The #1 cause is embedding/query mismatch caused by inconsistent preprocessing.

You indexed one text format and queried another. In production this often happens when one code path strips punctuation, lowercases aggressively, truncates context, or uses a different embedding model than the one used at ingest time.

Here’s the broken pattern:

# WRONG: ingest and query use different preprocessing and even different models
from langchain_openai import OpenAIEmbeddings
from langchain_chroma import Chroma

ingest_embeddings = OpenAIEmbeddings(model="text-embedding-3-large")
query_embeddings = OpenAIEmbeddings(model="text-embedding-3-small")  # mismatch

vectorstore = Chroma(
    collection_name="docs",
    embedding_function=ingest_embeddings,
    persist_directory="./chroma"
)

def retrieve(query: str):
    normalized_query = query.lower().strip()[:200]  # changes meaning
    retriever = vectorstore.as_retriever(search_kwargs={"k": 5})
    return retriever.invoke(normalized_query)

And here’s the fixed pattern:

# RIGHT: same embedding model, same text normalization rules, same chunking assumptions
from langchain_openai import OpenAIEmbeddings
from langchain_chroma import Chroma

embeddings = OpenAIEmbeddings(model="text-embedding-3-large")

vectorstore = Chroma(
    collection_name="docs",
    embedding_function=embeddings,
    persist_directory="./chroma"
)

def normalize(text: str) -> str:
    return text.strip()

def retrieve(query: str):
    retriever = vectorstore.as_retriever(search_kwargs={"k": 5})
    return retriever.invoke(normalize(query))

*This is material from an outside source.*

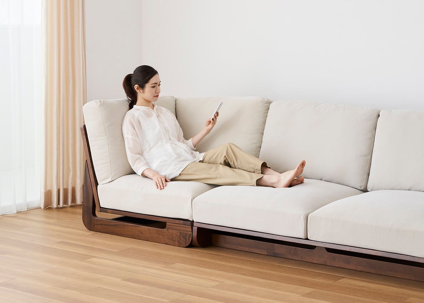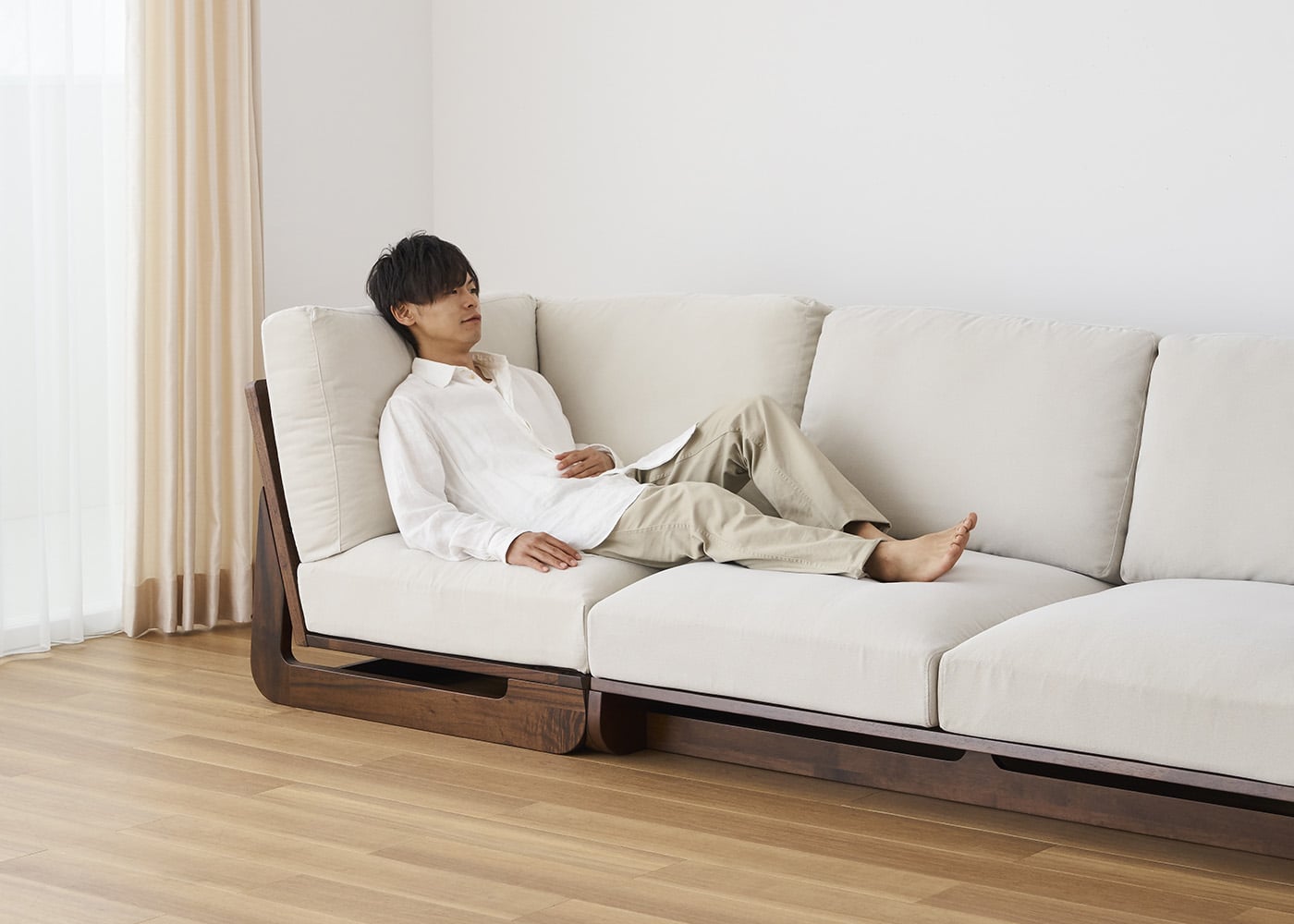 コーナーソファと片アームの座面スペースを贅沢に使って脚を伸ばしてくつろげるのが魅力です。(モデルは身長172cmの男性)

If your app uses LangGraph, this bug often hides inside a node:

from typing import TypedDict
from langgraph.graph import StateGraph

class State(TypedDict):
    question: str
    docs: list

def retrieve_node(state: State):
    # If state["question"] was rewritten by another node, retrieval quality drops fast
    docs = retriever.invoke(state["question"])
    return {"docs": docs}

The failure mode usually isn’t a hard exception. You’ll see poor results even though the pipeline is “healthy”.

Other Possible Causes

CauseWhat it looks likeFix
Wrong chunk size / overlapRetrieved chunks are too small or split mid-thoughtRechunk with sane defaults
Metadata filter too broad or too strictSearch returns unrelated tenant/document setTighten filter conditions
Stale indexNew docs aren’t reflected in resultsRebuild or upsert embeddings correctly
Wrong retriever configk, MMR, score threshold are mis-tunedTune search params per corpus

1) Bad chunking strategy

If chunks are too large, embeddings blur topics. If they’re too small, you lose context.

# BAD
RecursiveCharacterTextSplitter(chunk_size=2000, chunk_overlap=0)

# BETTER
RecursiveCharacterTextSplitter(chunk_size=800, chunk_overlap=120)

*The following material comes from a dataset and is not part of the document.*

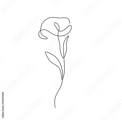Wall mural Vector isolated small simple minimal one single line calla flower colorless black and white contour line easy drawing

For legal, claims, or policy docs, chunk by structure first if possible. Headings beat blind character splitting.

2) Metadata filter mistakes

A common production issue is retrieving across tenants because the filter key doesn’t match what was stored.

# BAD: filter key doesn't exist in indexed metadata
retriever = vectorstore.as_retriever(
    search_kwargs={"k": 5, "filter": {"tenant_id": "acme"}}
)

# GOOD: use exact metadata field names from ingestion
retriever = vectorstore.as_retriever(
    search_kwargs={"k": 5, "filter": {"org_id": "acme"}}
)

If you’re using Pinecone or Weaviate through LangChain wrappers, the same rule applies: filter fields must match indexed metadata exactly.

3) Stale embeddings after document updates

If you update raw documents but don’t re-embed them, retrieval gets old answers.

# BAD: document content changed but vector index was never refreshed
db.add_texts(["new policy text"])  # without deleting/upserting old vectors properly

# GOOD: upsert with stable IDs and refresh embeddings on change
db.upsert(
    ids=["policy-123"],
    texts=["new policy text"],
)

In production systems, make ID management explicit. Otherwise you end up with duplicate vectors for the same source document.

4) Retriever configuration is too loose

Sometimes the problem is not bad vectors; it’s bad ranking settings.

# BAD: too many low-signal results bubble up
retriever = vectorstore.as_retriever(search_kwargs={"k": 20})

# BETTER: start smaller and add score thresholds if supported
retriever = vectorstore.as_retriever(search_kwargs={"k": 5})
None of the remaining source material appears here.